## PROVIDED DATA
↓
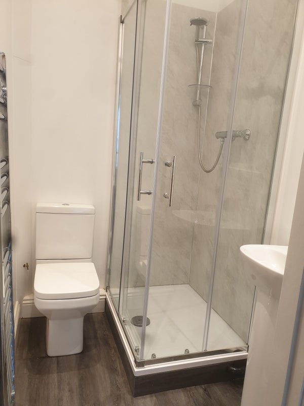 * Living room/Bedroom as 1 room, feature fireplace and large bay window, new laminate flooring and the flat is re painted.
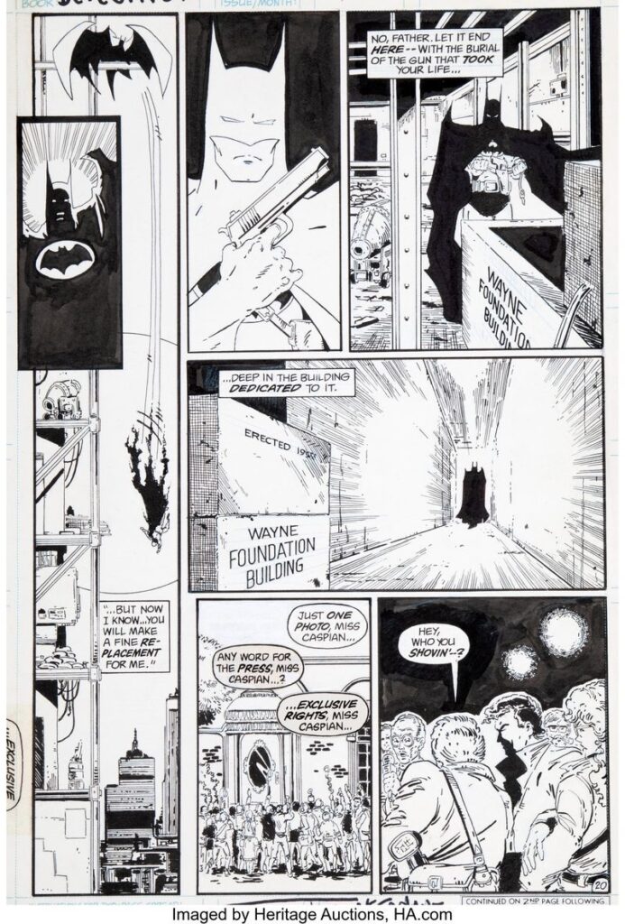McFarlane’s interior Dark Knight work is also represented in the auction. Page 20 of Detective Comics No. 578 from the previous year captures a poignant moment in which Batman disposes of Joe Chill’s gun – the very weapon that ended the lives of his parents and set a young Bruce Wayne on the path to becoming the Caped Crusader.
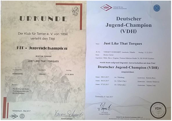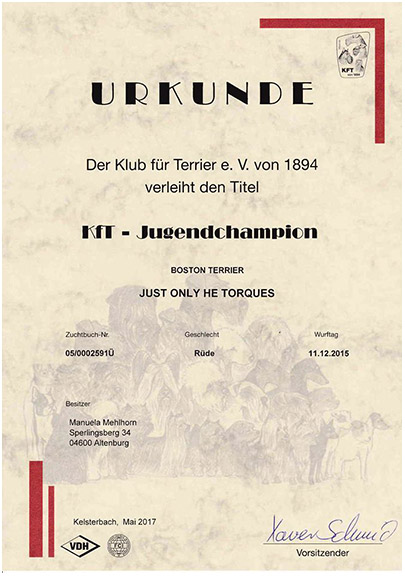 Deutscher Jugend-Champion (VDH und KfT) JUST ONLY HE Torques
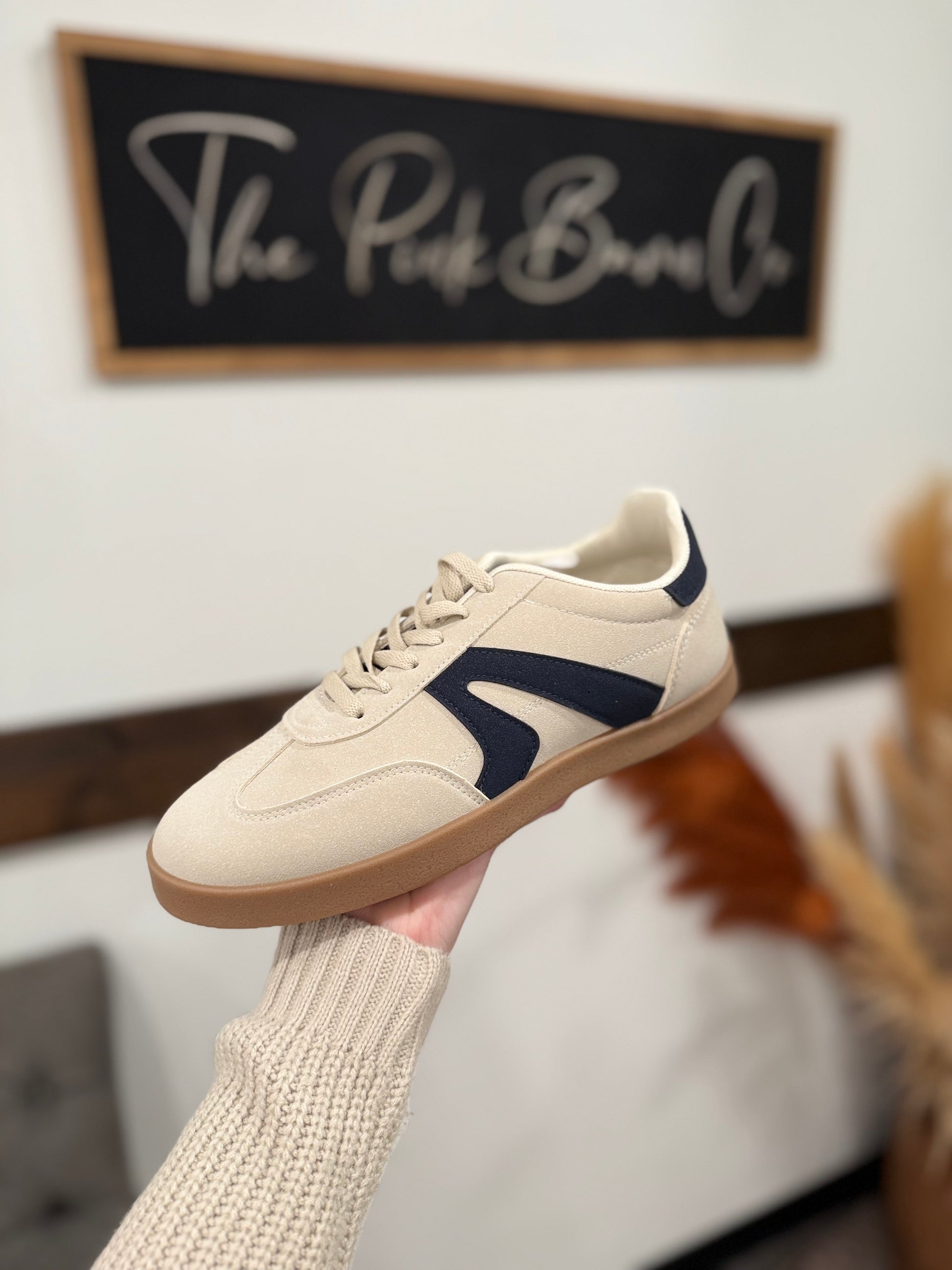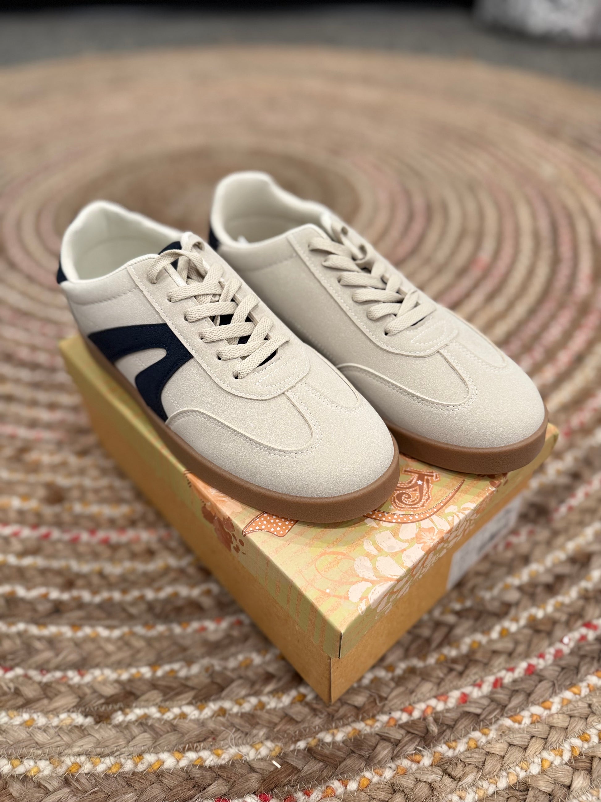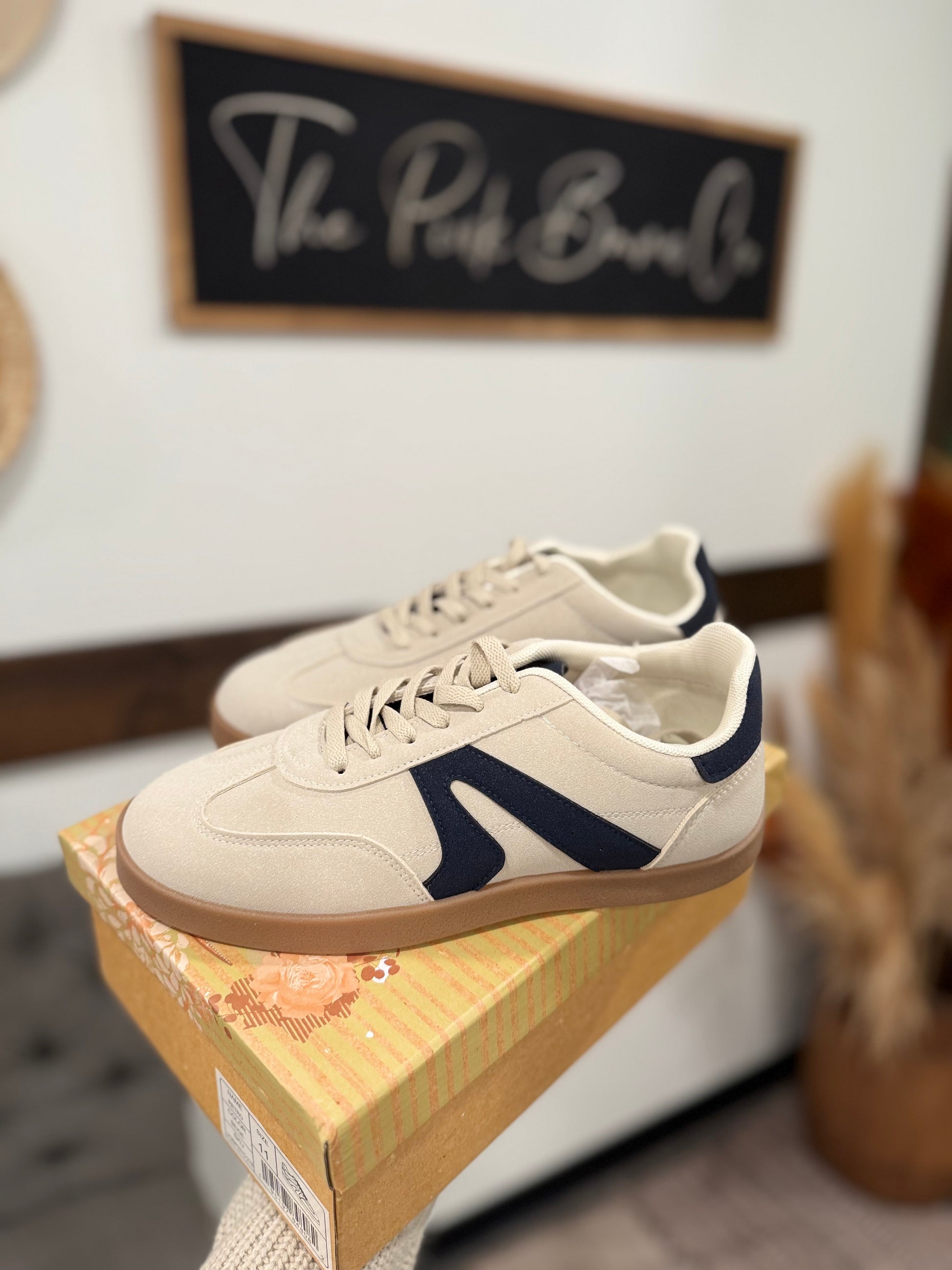 The Tretorn Rawlings sneakers feature a classic retro-inspired design, perfect for casual wear. They have a combination of canvas and suede in a light beige/tan color, a navy-blue suede Tretorn “wing” logo on the side, a durable gum rubber outsole that provides excellent traction and a vintage aesthetic, soft textile interior for all-day comfort, a blend of sporty and minimalist design, suitable for everyday outfits.
↑
## TASK BRIEF
Set out the material once more, exact in every line, with no images.

## SOLUTION TO THIS PROBLEM
 * Living room/Bedroom as 1 room, feature fireplace and large bay window, new laminate flooring and the flat is re painted.
McFarlane’s interior Dark Knight work is also represented in the auction. Page 20 of Detective Comics No. 578 from the previous year captures a poignant moment in which Batman disposes of Joe Chill’s gun – the very weapon that ended the lives of his parents and set a young Bruce Wayne on the path to becoming the Caped Crusader.
 Deutscher Jugend-Champion (VDH und KfT) JUST ONLY HE Torques
 The Tretorn Rawlings sneakers feature a classic retro-inspired design, perfect for casual wear. They have a combination of canvas and suede in a light beige/tan color, a navy-blue suede Tretorn “wing” logo on the side, a durable gum rubber outsole that provides excellent traction and a vintage aesthetic, soft textile interior for all-day comfort, a blend of sporty and minimalist design, suitable for everyday outfits.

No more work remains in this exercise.